#### [Action item]
Repeat every entry word for word, skipping the pictures.
[[ Data section, beginning ]]
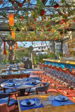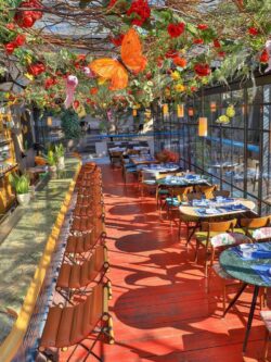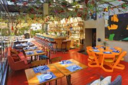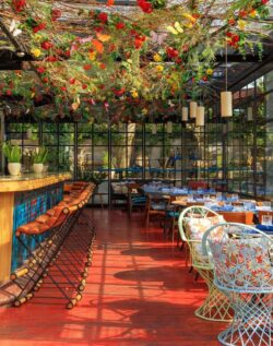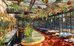 Αυτό που παρατηρεί κάποιος με την πρώτη ματιά είναι η επιβλητική οροφή, διακοσμημένη με πολύχρωμα, υφασμάτινα λουλούδια και φυσικά κλαδιά. Παράλληλα, τοποθετήθηκαν σε πολλά σημεία κασπώ κai γλάστρες με διάφορα φυτά για να δοθεί παντού ο ανοιξιάτικος αέρας που επιθυμούσαμε! Απολαύστε το υλικό που ακολουθεί και ταξιδέψτε σε έναν χώρο γεμάτο χρώματα κι αρώματα!
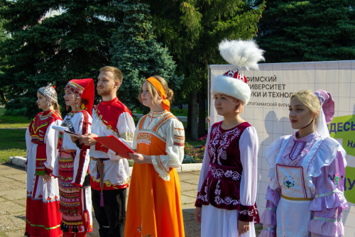 Торжественное мероприятие продолжилось на площадке перед главным корпусом и было адресовано первокурсникам, выбравшим СФ УУНиТ для получения высшего образования.
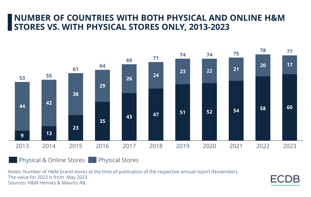 Yhtiö on kuitenkin onnistunut kasvattamaan verkkokauppaansa. Yhtiön julkaisemien tietojen mukaan suuntaus kohti kasvavaa verkkomyymälöiden läsnäoloa jatkuu. 77 prosentissa maista on sekä fyysisiä että verkossa toimivia H&M-myymälöitä vuonna 2023.
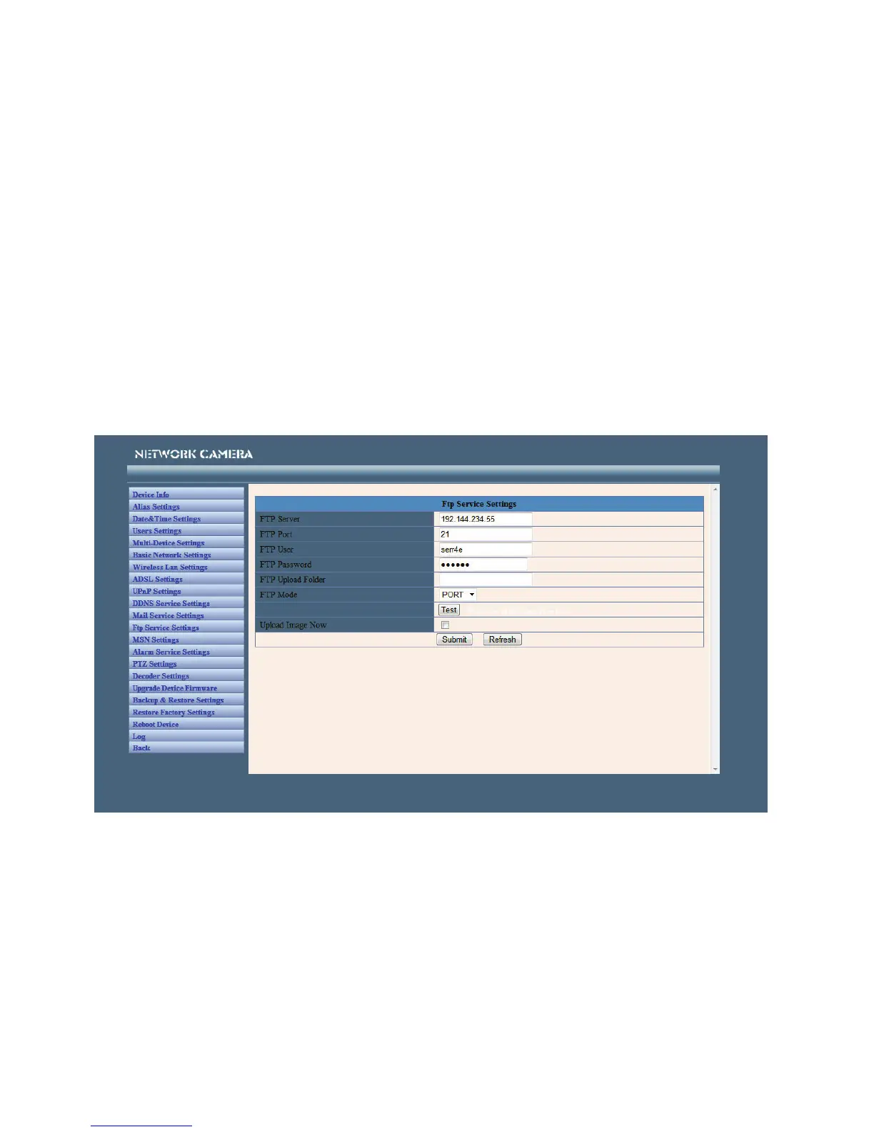 FTP Test - Set the FTP parameters and then click 'Submit' before testing the
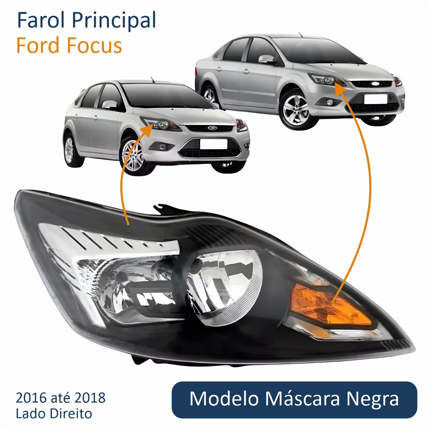 Farol Ford Focus 2009 Até 2013 Máscara Negra Lado Direito Passageiro
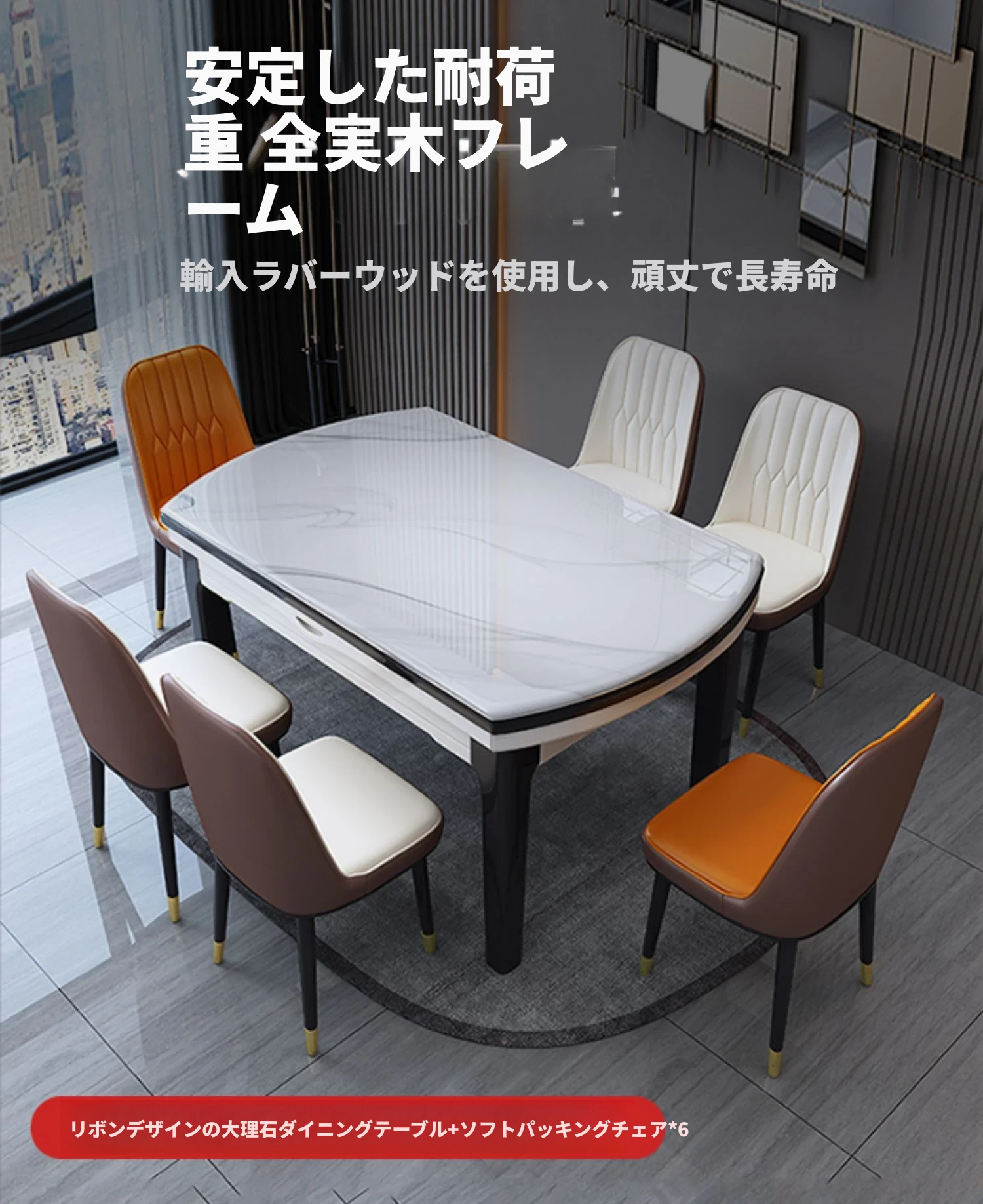 1.5メートル一卓六椅子【大理石/岩板】
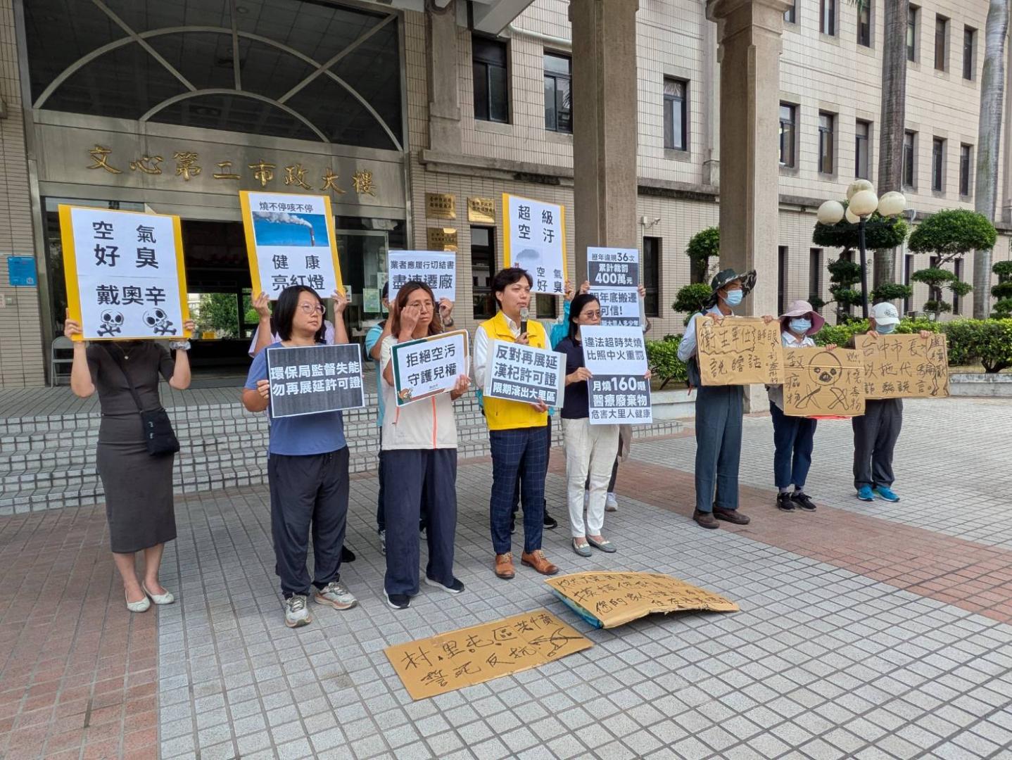大里GO爭氣陣線發言人鄒明諺表示,漢杞焚化爐在台中大里已經20多年,2019年承諾五年內遷廠,光近3年來違規達36次,累計裁罰僅400萬元,根本無法遏止違法,如今遷廠作業遙遙無期,居民擔心還會跳票。
[[ Data section, end ]]
#### [Answer section]
 Αυτό που παρατηρεί κάποιος με την πρώτη ματιά είναι η επιβλητική οροφή, διακοσμημένη με πολύχρωμα, υφασμάτινα λουλούδια και φυσικά κλαδιά. Παράλληλα, τοποθετήθηκαν σε πολλά σημεία κασπώ κai γλάστρες με διάφορα φυτά για να δοθεί παντού ο ανοιξιάτικος αέρας που επιθυμούσαμε! Απολαύστε το υλικό που ακολουθεί και ταξιδέψτε σε έναν χώρο γεμάτο χρώματα κι αρώματα!
 Торжественное мероприятие продолжилось на площадке перед главным корпусом и было адресовано первокурсникам, выбравшим СФ УУНиТ для получения высшего образования.
 Yhtiö on kuitenkin onnistunut kasvattamaan verkkokauppaansa. Yhtiön julkaisemien tietojen mukaan suuntaus kohti kasvavaa verkkomyymälöiden läsnäoloa jatkuu. 77 prosentissa maista on sekä fyysisiä että verkossa toimivia H&M-myymälöitä vuonna 2023.
 FTP Test - Set the FTP parameters and then click 'Submit' before testing the
 Farol Ford Focus 2009 Até 2013 Máscara Negra Lado Direito Passageiro
 1.5メートル一卓六椅子【大理石/岩板】
大里GO爭氣陣線發言人鄒明諺表示,漢杞焚化爐在台中大里已經20多年,2019年承諾五年內遷廠,光近3年來違規達36次,累計裁罰僅400萬元,根本無法遏止違法,如今遷廠作業遙遙無期,居民擔心還會跳票。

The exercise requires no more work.